John has been honest with himself, and the pigs too in a way. He should be rightly proud of the good life he gave them (better than some, even most pigs) and that they fulfilled thier purpose admirably.
Chris,
ReplyDeleteJohn is an ace bloke and his pigs were very lucky to live their lives with him looking after them. And just look at the community spirit in that Welsh village, everyone got stuck in and helped and the job, when it was done, it was probablly done quickly and cleanly.
In the villages here, a lot of people keep pigs and fatten them up. Comes time to slaughter them they slip a sling around a hind leg, hoist them and then stick them in the neck to get the jugular and they bleed to death.
I prefer to shoot them between the eyes and then hoist them and slit their throats to bleed them.

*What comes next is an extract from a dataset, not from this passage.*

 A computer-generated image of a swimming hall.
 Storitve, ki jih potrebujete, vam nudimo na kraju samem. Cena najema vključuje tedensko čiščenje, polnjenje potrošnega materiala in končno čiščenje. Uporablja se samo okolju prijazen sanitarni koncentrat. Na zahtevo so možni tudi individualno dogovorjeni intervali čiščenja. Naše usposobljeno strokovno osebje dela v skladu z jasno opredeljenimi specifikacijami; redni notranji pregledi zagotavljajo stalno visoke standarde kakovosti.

I have not had animals in a long while now but we are about to move out of town and down to the Barro de Kwanza and I will keep pigs, geese, etc. so I guess I shall have to clean and oil the Cz pistol.
As an aside, the first time I did this I used an AK 47 which is high velocity. To minimise stress to the pig I decided to shoot it in its concrete pen. The round went straight through its head, ricocheted off the floor and rattled around the walls and I looked up to see two assistants with ringing ears and eyes like bastard saucers and since we were all covered in blood, we looked like mass murderers. In hunting terminology, they call this 'overkill'.
Since then, I use a Cz 83 which is a semi automatic pistol of 7.65mm calibre.
I could have just sent the pigs away and have the carcasses returned to me but if I raised them and I am going to profit by their death, be that by enjoying their flesh or selling it, then, like John, I really ought to have the courage to do it, hey? John went as far as UK legislation allowed. Here there is no impediment to going the distance.
To pick up a point I made in the post. How about instead of me killing the pig in its pen, I let someone else come along and pay to shoot the pig while it is roaming around in the countryside? That has to be even less stressful for the pig and a damn sight more profitable for me and all those who depend on me for their income?